Governor General Mohammad Ali Jinnah while visiting Dhaka in 1948 twice said, “Urdu and Urdu shall be the state language of Pakistan.” It was a dead blow to the hopes and aspirations to the Bengali people who sacrificed more than their Punjabi, Sindhi, Baluchi and Pathan combine brethrens for the cause of Pakistan. The Dhaka University students vehemently protested. They started agitation, joined by the mass; ignored curfew and bullets, and then courageously paraded the city streets. The language movement, thus, reached its peak on Feb 21, 1952 that claimed the lives of students and non-students.
The Sens who occupied Bengal in the 12th century branded Bangla as the bird’s chirping. They cautioned that the reading of the Purana, the Mahabharata and the Ramayana in Bengali language would be treated as a great crime. Dr. Dinesh Chandra Sen writes in his book ‘Bengali language and Literature’ that the Brahmans by hearts opposed Bengali and condemned Krittibus and Kashiram for translating the Ramayana and the Mahabharata into Bengali. Dr. Dinesh concluded as saying that Bengali found its fortunes with the advent of the Muslims in Bengal early 13th century. But the defeat of Nawab Siraj Uddowlah at Palassey clouded the horizon.
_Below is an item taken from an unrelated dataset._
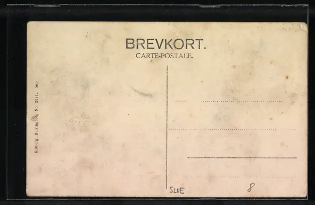 Personenbezogene Daten auf der Rückseite der Karte wurden durch blauen Textmarker unkenntlich gemacht. Die blauen Stellen sind auf die Vorderseite durchgeweicht und wirken sich negativ auf das Postkartenfoto aus
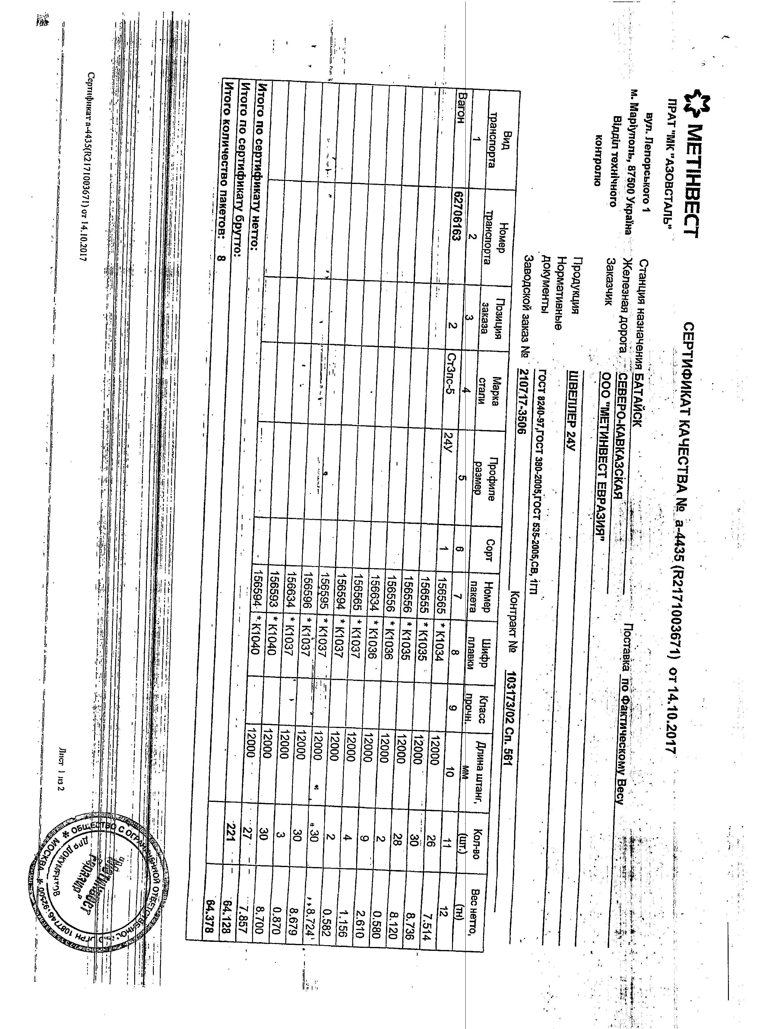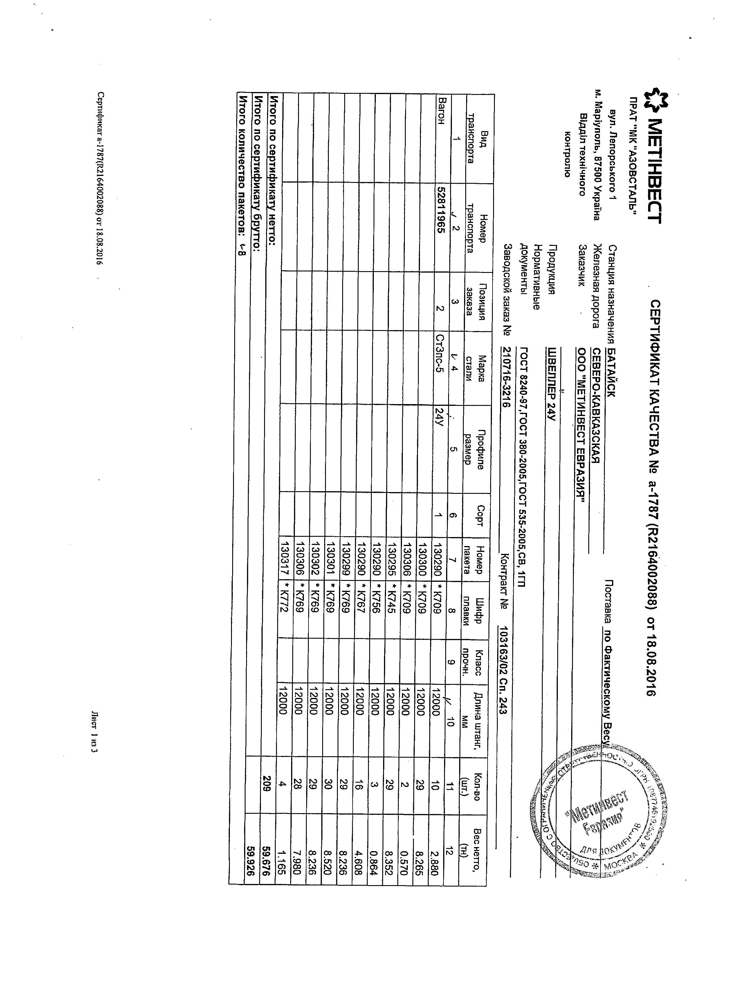Вес м/п 24 Длина по ГОСТ 12 Размер 24 -

This is not the end of history. It will be injustice if we do not remember what happened on the 11 March 1948 and if we do not remember the East Pakistan Muslim Students League and the Tamaddun Majlish’s contributions to the language movement, and if we do not recall the input made by the leaders and the workers of the East Pakistan Muslim Students League. On that day, about 65 to 70 workers and the leaders including Bangabandhu Sheikh Mujibur Rahman, Architect of Bangladesh, were arrested to suppress the language movement.

(The writer is a senior journalist).